9. I got a sweater for Christmas...I really wanted a screamer or a 
moaner. 

10. If flying is so safe, why do they call the airport the terminal? 

11. I don't approve of political jokes...I've seen too many of them 
get elected. 

12. The most precious thing we have is life. Yet it has absolutely 
no trade-in value. 

13. There are two sides to every divorce: Yours and ****head's. 

14. If life deals you lemons, make lemonade; if it deals you 
tomatoes, make Bloody Marys. But if it deals you a truckload of handgrenades...now THAT'S a message! 

15. I love being married. It's so great to find that one special 
person you want to annoy for the rest of your life. 

16. Shopping tip: You can get shoes for 85 cents at the bowling 
alley. 

17. I am a nobody, and nobody is perfect; therefore I am perfect. 

18. I married my wife for her looks...but not the ones she's been 
giving me lately! 

19. Everyday I beat my own previous record for number of consecutive days I've stayed alive. 

20. Isn't it funny how the mood can be ruined so quickly by just one busted condom.

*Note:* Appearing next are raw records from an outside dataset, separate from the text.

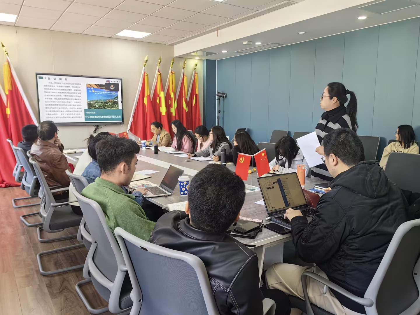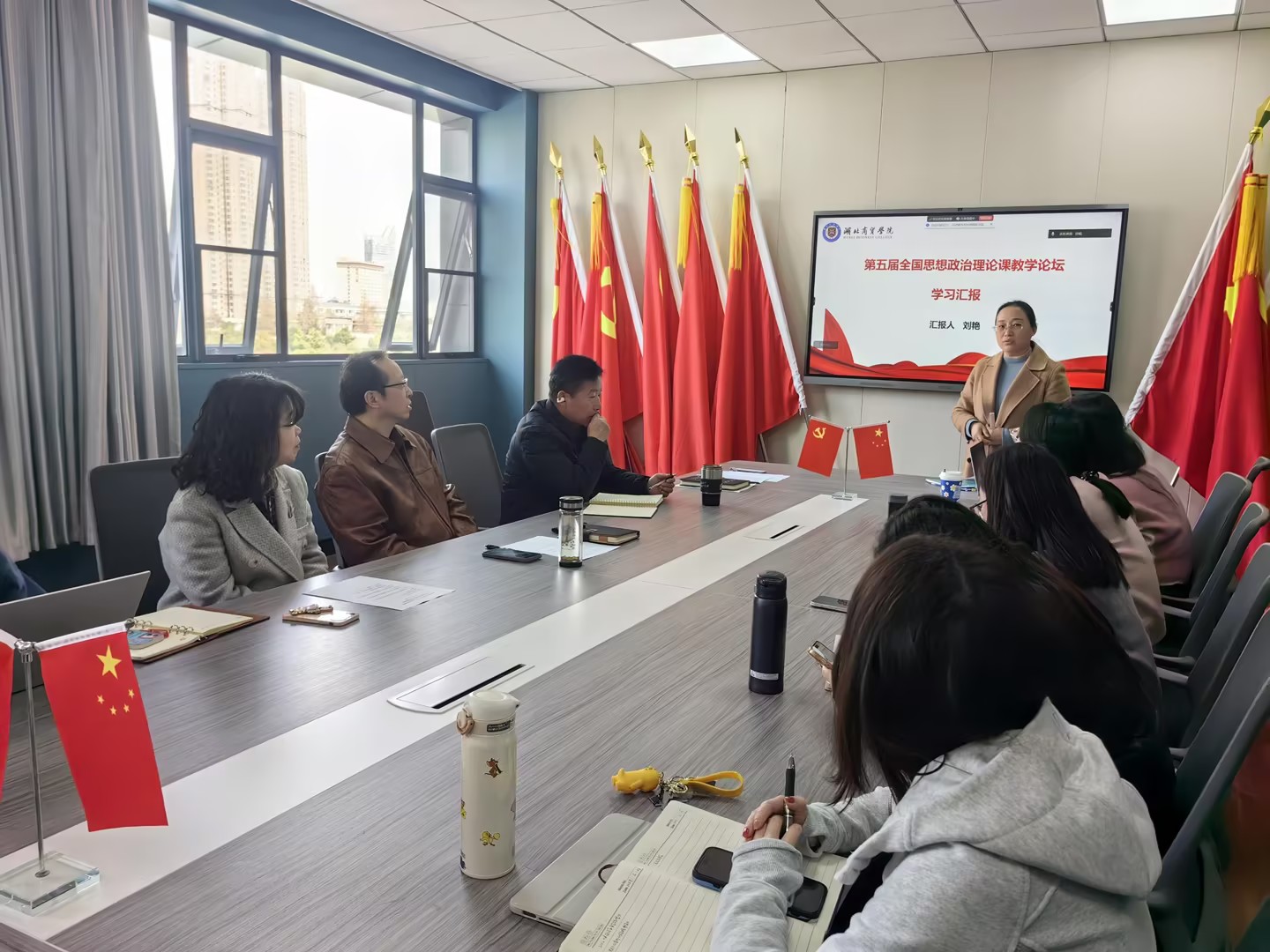 随后,刘艳老师、梅媛老师围绕学习贯彻习近平总书记“3·18”重要讲话精神,结合最近参加“第五届全国思想政治理论课教学论坛”谈了参会的感悟。焦丽丽老师就参加学校举行的“第五届教师教学创新大赛”向大家详细介绍了参赛的心得体会。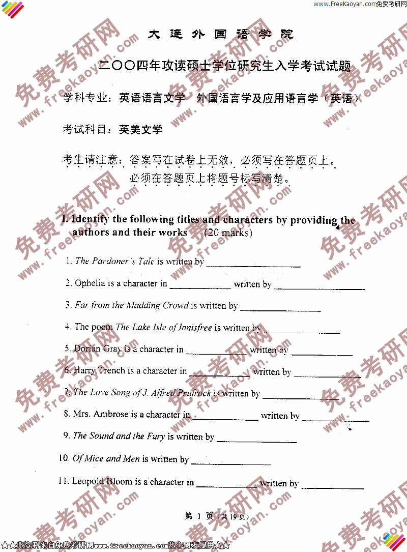 大连外国语大学2004年半岛在线注册真题-英美文学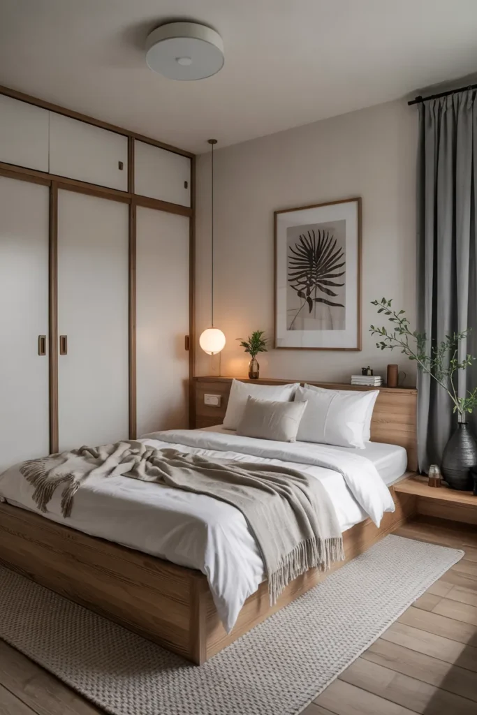 This idea creates a serene, clutter-free bedroom environment. It’s ideal for tiny rooms centered on mindfulness and intentional living.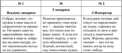 Человек ведет себя подобным образом, потому что ему нужно (5 динариев) и потому что он умеет и может управлять процессом – Всадник динариев и 4 Император. Он берет контроль над ситуацией, которая его интересует.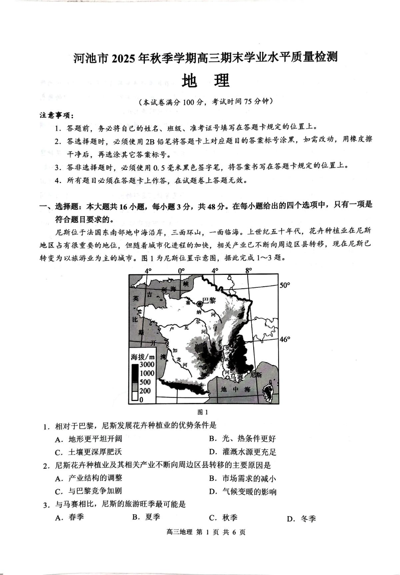 高三地理--广西河池市2026届高三上学期期末学业水平质量检测

21. If carrots are so good for the eyes, how come I see so many dead rabbits on the highway? 

22. Welcome to **** Creek-Sorry, We're Out of Paddles! 

23. How come we choose from just two people to run for president and 50 for Miss America?


----------



## Nick (Apr 23, 2002)

Aarrgh! You beat me to it. Some of those were _my_ thoughts, John.

Funny!

When my former wife once said she didn't feel like having sex, I didn't realize she meant for the rest of our marriage. :bang:

I once suggested we try doing it "doggie" style. She put a collar and leash on me and fed me Kibble & Bits for a week.

After a long, exhausting day on the job, I got home and asked her what she had made for dinner. She said "reservations".

She said we should start seeing other people. I took her to church. Apparently, that's not what she had in mind.

When I asked why the dishes were piling up in the kitchen sink, she said the maid was on vacation. I didn't know we had a maid.

When they say "marriage is forever" they don't tell you that after a while it just seems that way.

She said she didn't want an ugly satellite dish on the roof. That's when I filed for divorce.

The Nickster :smoking:


----------



## John Corn (Mar 21, 2002)

:lol:


----------



## Adam Richey (Mar 25, 2002)

That's probably the way I'm gonna be. My house might even look like a huge uplink center. LOL


----------